2024年11月22日(金)

唐鎌大輔の経済情勢を読む視点

2022年12月23日

北朝鮮以下の現状変わらず

 しかし、現状はかなり厳しい。日本の対内直接投資の乏しさは上で見たような絶対額ではなく、経済規模(名目GDP)対比の数字で認識し、評価されるべきである。この点、06年3月にやはり小泉政権が「10 年末に対日直接投資残高をGDP比でさらに倍増(5%程度)する」という目標を掲げているが、10年末の対内直接投資残高の名目GDP比は3.7%にとどまっている。ちなみに20年末時点では7.4%まで高まっているが、これでも国際的に見ると著しく低い。

 図表②は国連貿易開発会議(UNCTAD)のデータを元に、主要国(ここではG20)について21年の状況を比較したものだ(財務省データとやや数字は異なる)。これによれば日本は5.2%で、北朝鮮(5.9%)よりも低い。

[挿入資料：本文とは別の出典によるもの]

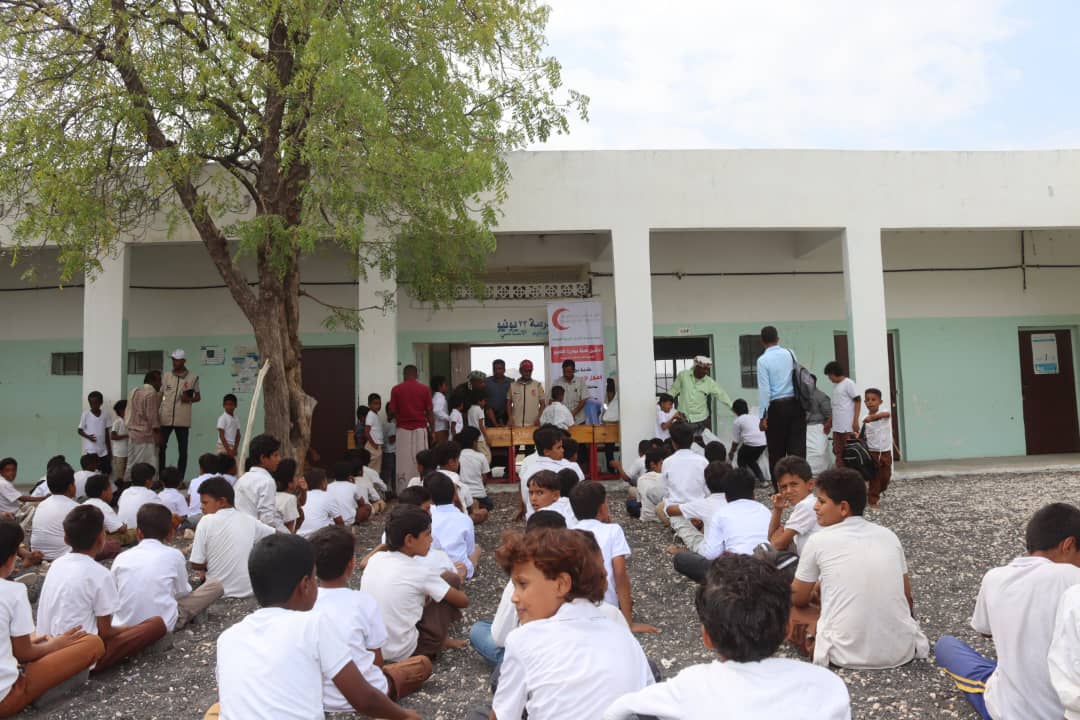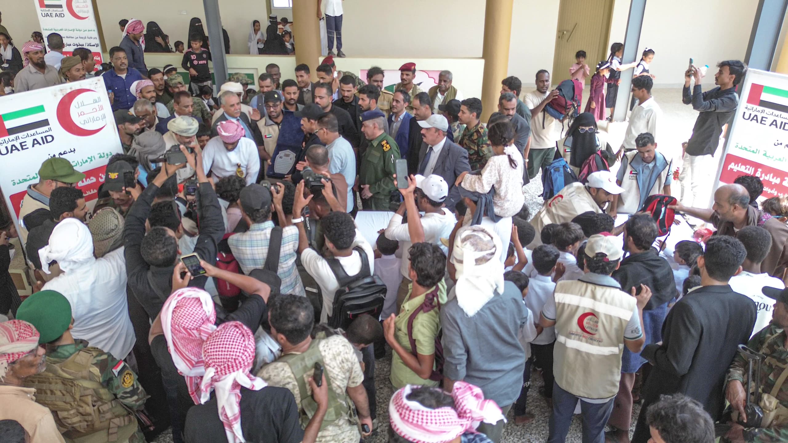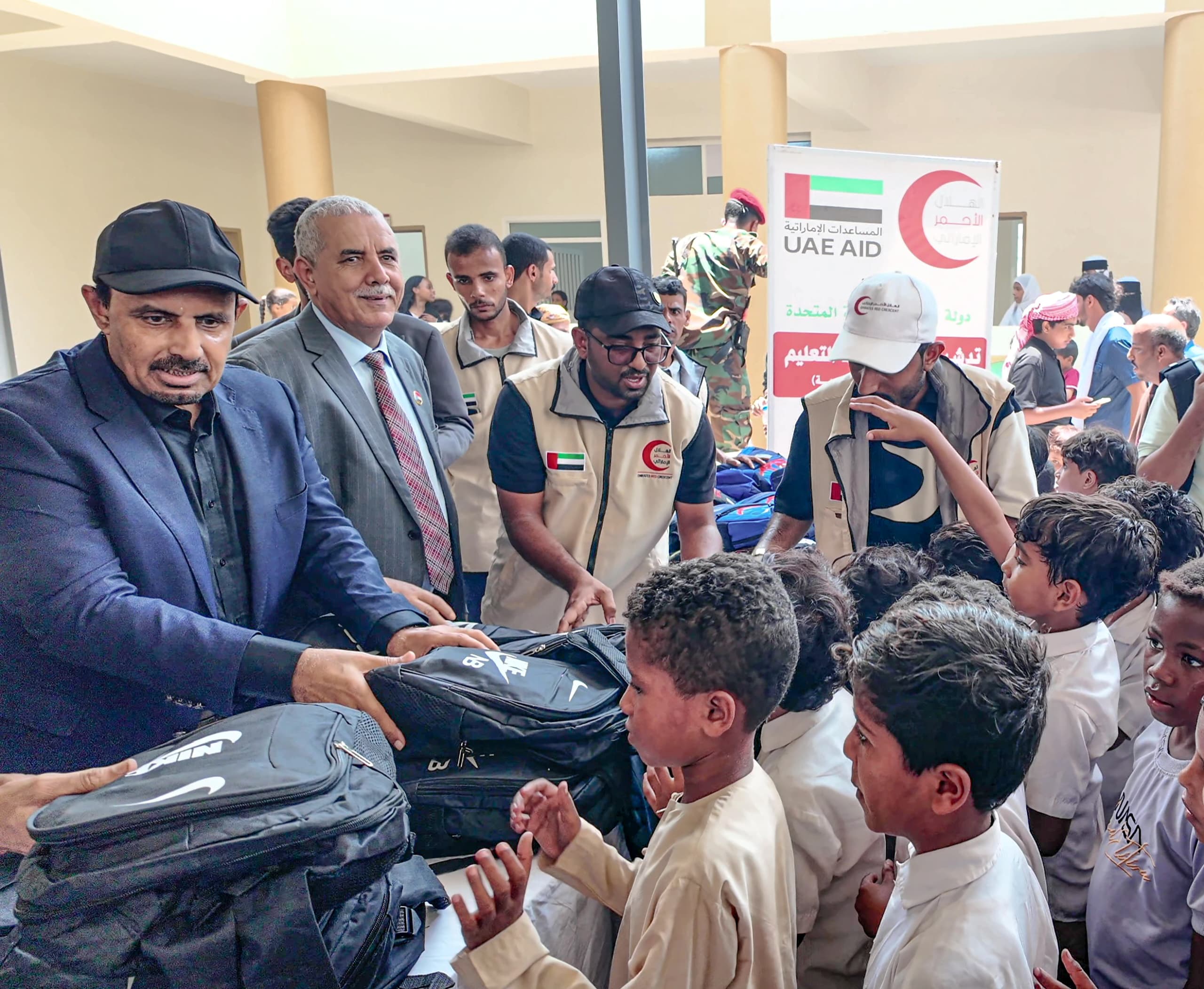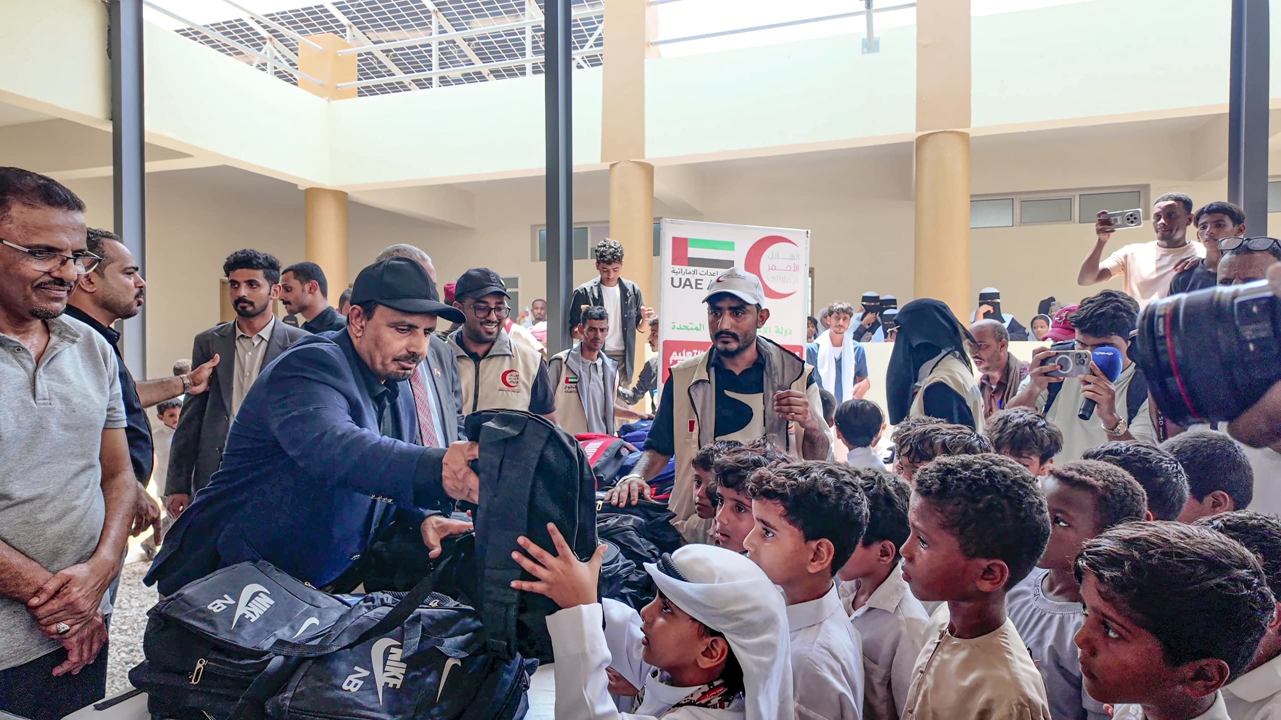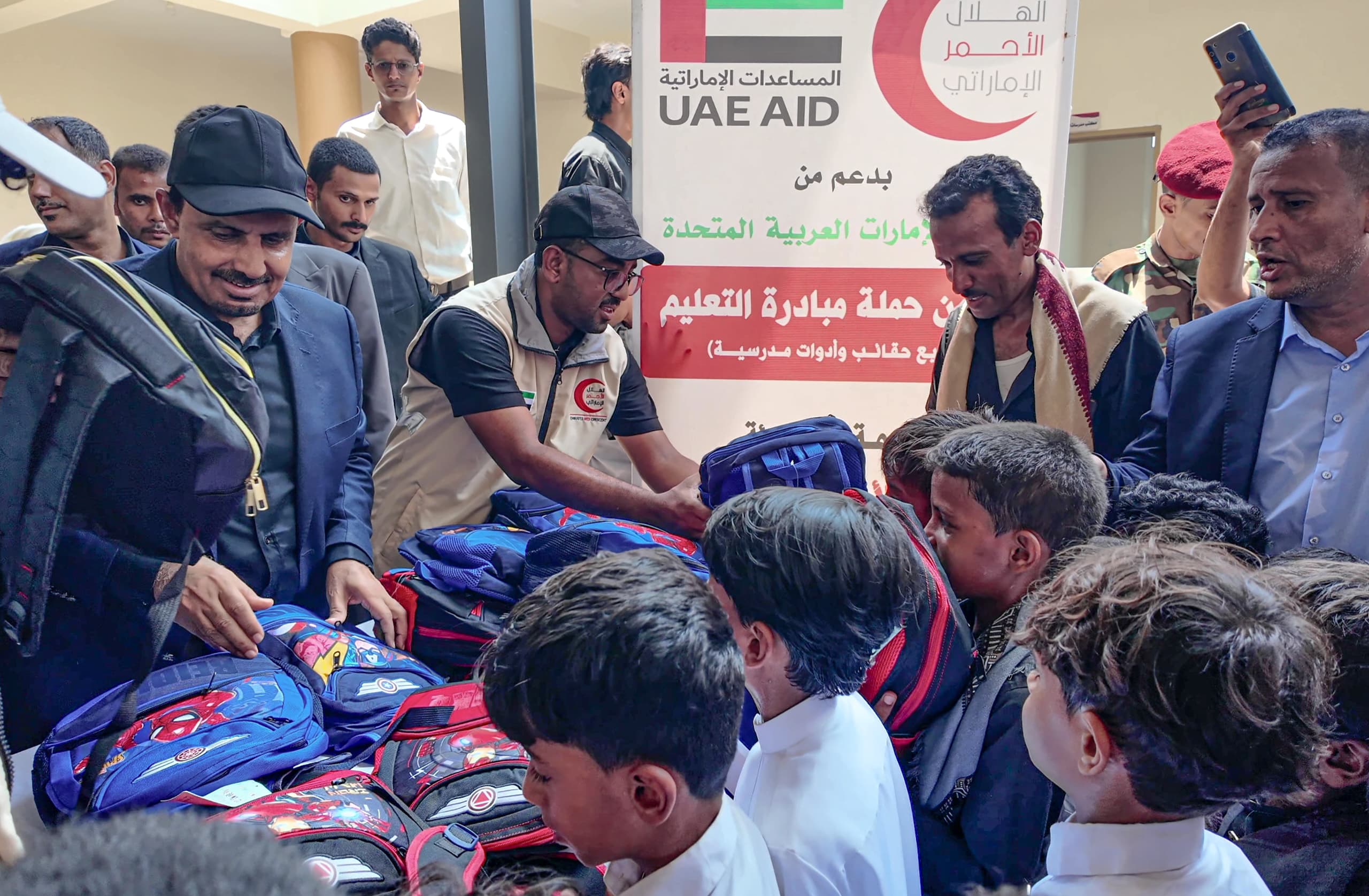 وعقب الافتتاح، تم تدشين مبادرة التعليم عبر توزيع حقائب وأدوات مدرسية مقدمة من هيئة الهلال الأحمر الإماراتي للطلاب المستفيدين, شملت توزيع
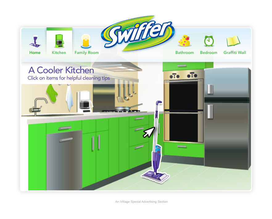 This special advertising section provided by iVillage was to educate consumers that the Sweeper does both dry sweeping and wet mopping. The microsite offered a fun, light-hearted interactive experience along with a 'message board' (graffiti wall) to share their tips and stories about simplifying life. I was responsible for the design and provided creative direction to an illustrator to create the various rooms.
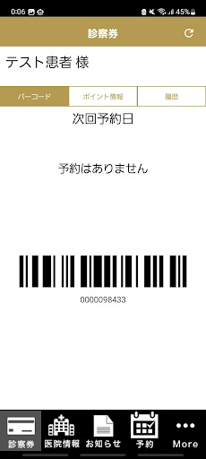 バーコードをかざすだけで受付出来るチェックイン機能、次回ご予約日時表示など、カードレスな診察券としてご活用頂けます。
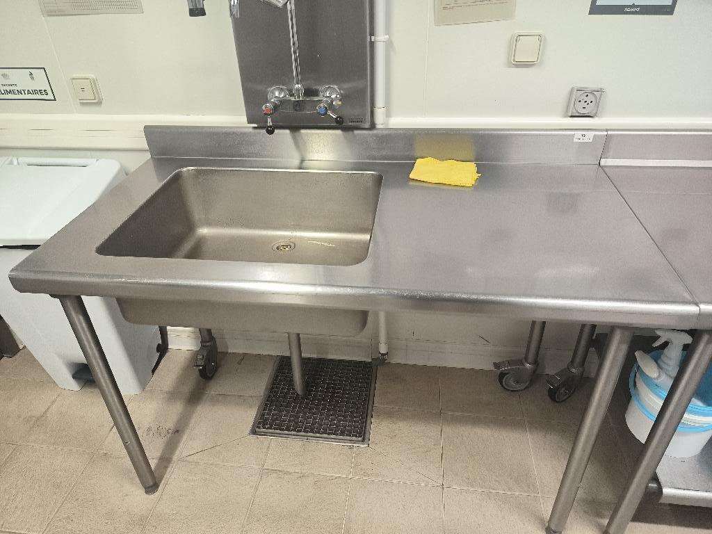 Plonge adossée 1 bac, 2 roulettes à l’arrière, en inox alimentaire avec douchette de marque Tournus Equipement. 90 x 140 x 70 cm. (cuisine)

 21年について公開されている201カ国中198位で、日本より下に位置する国はネパール、イラン、イラクだ。ちなみに先進国全体の平均が57%、途上国全体の平均が32%というデータもある。財務省とUNCTADで若干データの齟齬はあるが、日本の水準が国際的に見て際立って低く、「資本の鎖国」と揶揄されるような状況であることに変わりはない。

外国「人」同様、外国「企業」の受け入れも重要

 日本への対内直接投資がこれほど少ない背景には諸説ある。従前の研究では決定的な要因が突き止められるには至っていないという 。

 例えば、抽象的な論点ではパンデミック下でも露呈された閉鎖的な国民性が指摘される。しかし、終身雇用・年功賃金に浸かった日本の労働市場においてドライな外国企業の基本姿勢が受け入れられにくいという点で捉えれば抽象的な論点とも言えず、これは解雇規制を筆頭とする硬直的な雇用法制という具体的な論点に帰着する。雇用法制の硬直性は産業再編などを睨んだ外資系企業の進出を阻む一因になり得る。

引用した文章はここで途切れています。